Jesse Thistle is a road allowance Michif from northern Saskatchewan. His Métis-Cree (Michif) Mom was raised on Erin Ferry Road Allowance just outside of Deben, SK; his father was a Métis-Scot with roots in Timiskaming, Ontario. Jesse’s journey from homeless addict and criminal to successful PhD student is unusual among graduates, but his path has shaped the way he approaches homeless studies, Indigenous history, criminology, social work, addiction studies, and storytelling. Jesse is a Trudeau and Vanier scholar in the Department of History at York University and is currently also the Resident Scholar of Indigenous Homelessness at the Canadian Observatory on Homelessness. https://jessethistle.com/

Zoe Todd (Métis) is an artist and scholar from amiskwaciwâskahikan (Edmonton), Canada. She writes about fish, science, art, prairie fossilscapes, Métis legal traditions, the Anthropocene, extinction, and decolonization in urban and prairie contexts. Her current work focuses on the relationships between people, fish, and other nonhuman kin in the context of colonialism, environmental change, and resource extraction in Treaty Six Territory, Alberta, and the Lake Winnipeg watershed more broadly.
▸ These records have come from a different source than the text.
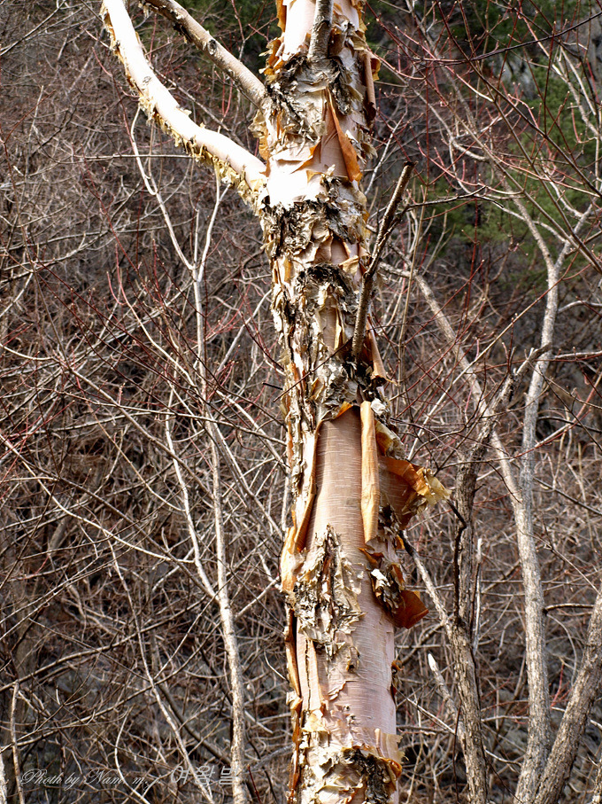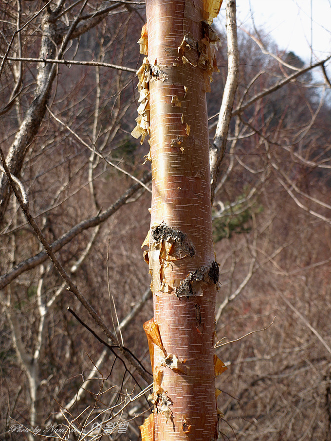 겨울 강원도 높은 산에서 종잇장처럼 얇은 수피를 벗기고 있는 모습을 볼 수 있는 녀석이다.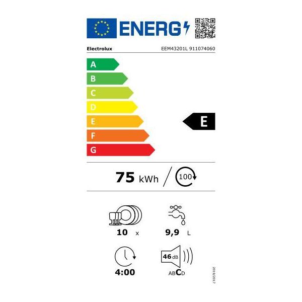Myčka nádobí Electrolux EEM43201L je vestavěný spotřebič, který vám ušetří spoustu času, práce, a hlavně energie při mytí nádobí. Bez problémů na jeden mycí cyklus pojme 10 sad nádobí, snadno se tedy zbavíte všeho špinavého nádobí naráz i v početnější rodině. Se svou šířkou 44,6 cm, výškou 81,8 cm a hloubkou 55 cm jistě nalezne místo ve vaší kuchyňské lince. O nastavení myčky a stavu mycího cyklu vás bude informovat displej, který je součástí ovládacího panelu. Spotřebič spadá do energetické třídy E.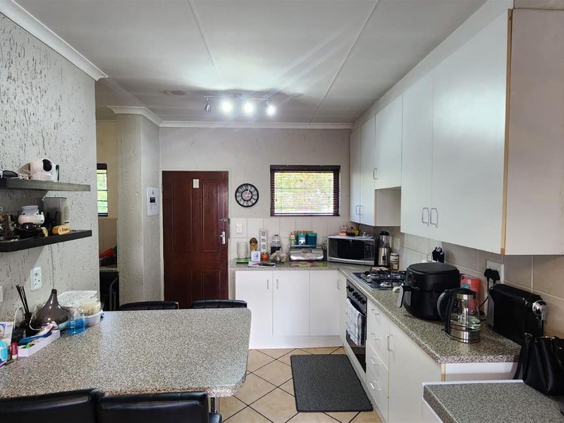 Entertain effortlessly on a covered patio with built-in braai, rock pool and lush garden in a secure estate close to schools, malls and highways. Three beds, two baths, garage.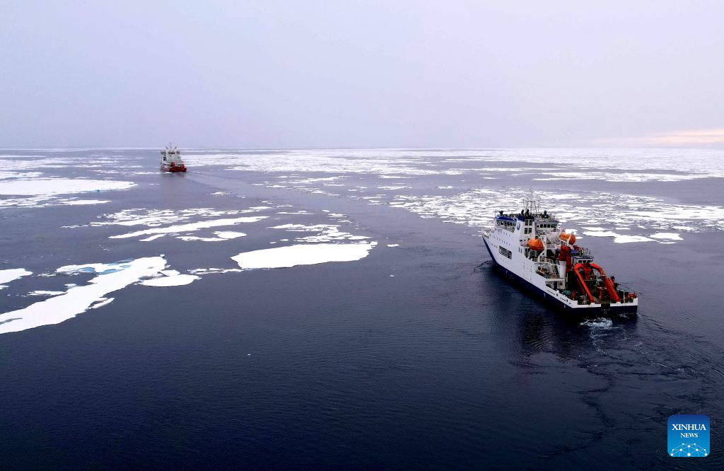 Organized by the Ministry of Natural Resources, this round of Arctic survey was jointly carried out by four vessels, including Xuelong 2, Jidi, Shenhai-1 and Tansuo-3. This Arctic expedition has further enhanced China's understanding of the rapid changes in the Arctic Ocean and their impacts, providing important support for a deeper understanding and effective response to global climate change, according to the researchers. (Xinhua/Liu Shiping)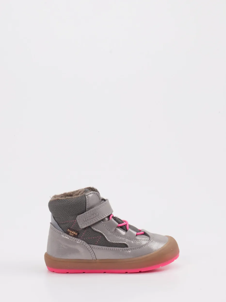 Für kleine Schritte im großen Winter.Froddo präsentiert funktionale Kinder-Winterboots mit durchdachter Ausstattung für kalte Tage. Wenn Spielplatz, Kita oder Spaziergang auch bei Frost nicht ausfallen sollen, bietet dieses Modell idealen Schutz. Gefertigt aus samtig angerautem Veloursleder und ergänzt durch glänzende Partien, begeistert die graue Stiefelette mit pinken Highlights wie Elastiksenkel, Kontrastnähten und farbiger Laufsohle. Das Innenfutter aus warmer Wolle sorgt für Temperaturkomfort, während Klettverschluss und flexible Gummisohle praxisgerecht und rutschfest sind. Die knöchelhohe Form unterstützt optimal beim Laufenlernen. Stylisch zu Thermohose oder Outdoorjacke. Kindgerecht konstruiert mit komfortorientierter Froddo-typischer Qualität.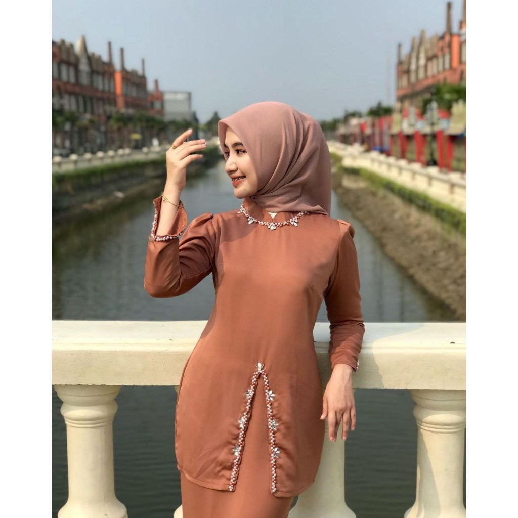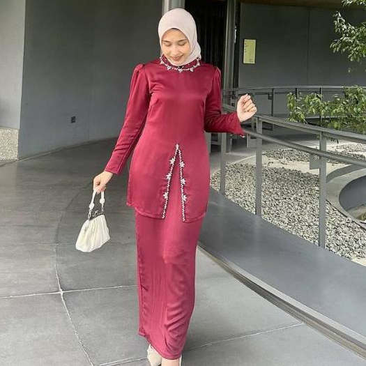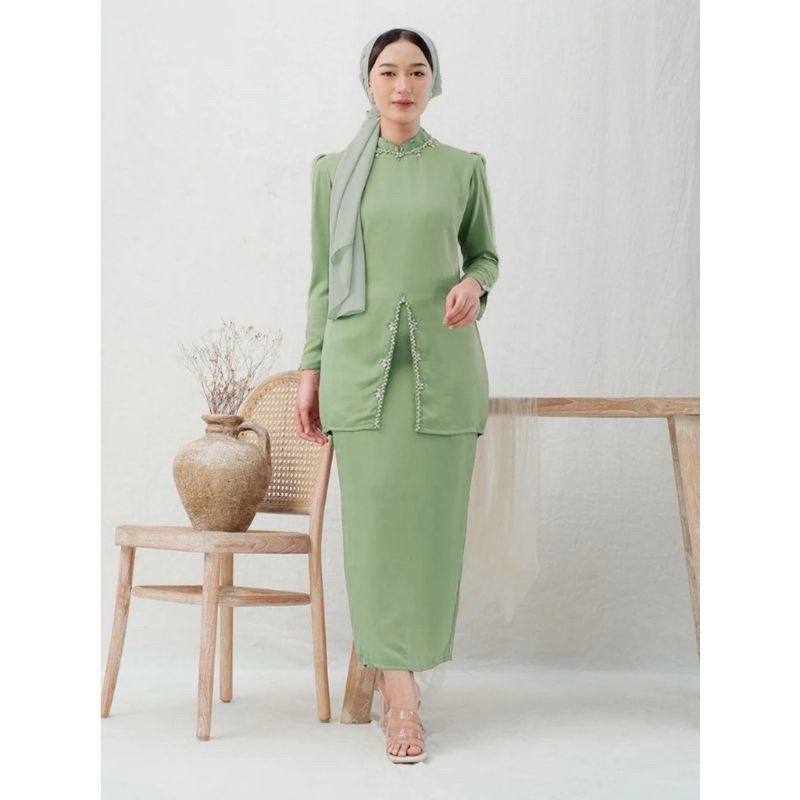 (FLASH SALE)(ADA JUMBO) Oneset Elliza Kurung Melayu Dress Pesta Wanita Baju Kondangan Kekinian Full Payet 2024

Betsy Warland has published 12 books of creative nonfiction, lyric prose and poetry. Warland’s 2010 book Breathing the Page became a bestseller. Her most recent book is Oscar of Between: A Memoir of Identity and Ideas (2016). Nature is present in all her books and she is currently writing about Lost Lagoon in Stanley Park, Vancouver. Director of Vancouver Manuscript Intensive, Warland received the City of Vancouver Mayor’s Award for Literary Excellence in 2016.

Evelyn C. White is the author of Every Goodbye Ain’t Gone: A Photo Narrative of Black Heritage on Salt Spring Island (2009) and of the biography Alice Walker: A Life (2004). She is an alumna of the Columbia University Graduate School of Journalism, where she was honoured for her Master’s thesis on “The Racial Development of Blind Black Children.” She also holds degrees from Harvard University and Wellesley College.
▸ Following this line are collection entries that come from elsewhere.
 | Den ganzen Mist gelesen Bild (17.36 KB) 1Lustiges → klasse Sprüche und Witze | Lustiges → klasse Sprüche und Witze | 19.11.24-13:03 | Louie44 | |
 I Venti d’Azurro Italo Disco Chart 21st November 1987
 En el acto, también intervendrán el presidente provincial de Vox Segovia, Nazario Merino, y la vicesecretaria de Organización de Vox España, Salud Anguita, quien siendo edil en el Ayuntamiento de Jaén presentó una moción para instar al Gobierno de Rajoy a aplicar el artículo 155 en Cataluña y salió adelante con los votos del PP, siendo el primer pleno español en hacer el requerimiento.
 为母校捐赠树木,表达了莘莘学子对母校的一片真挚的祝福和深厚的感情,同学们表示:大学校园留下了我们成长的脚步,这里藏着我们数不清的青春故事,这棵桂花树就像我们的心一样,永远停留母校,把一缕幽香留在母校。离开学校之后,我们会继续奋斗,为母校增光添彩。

Levi Wilson is a teacher in the Greater Victoria School District, who completed his BA in First Nations Studies and History and BEd in Indigenous Perspectives from Simon Fraser University in 2016 and 2017 respectively. He is a member of the Gitga’at (Hartley Bay) First Nation, with strong familial ties to the Hwlitsum (Lamalcha) First Nation. Until recently, he had the privilege of living within his southern traditional territory, including his hometown of Galiano Island.

Rita Wong coedited Downstream: Reimagining Water (with Dorothy Christian). She has written six books: beholden (with Fred Wah), perpetual (with Cindy Mochizuki), undercurrent, sybil unrest (with Larissa Lai), forage, and monkeypuzzle. Arrested for her principled opposition to the TransMountain pipeline expansion, Wong is also active in solidarity efforts to protect the Peace Valley from being destroyed by the Site C dam as well as calling for BC and Canada to respect Wet’suwet’en law and land.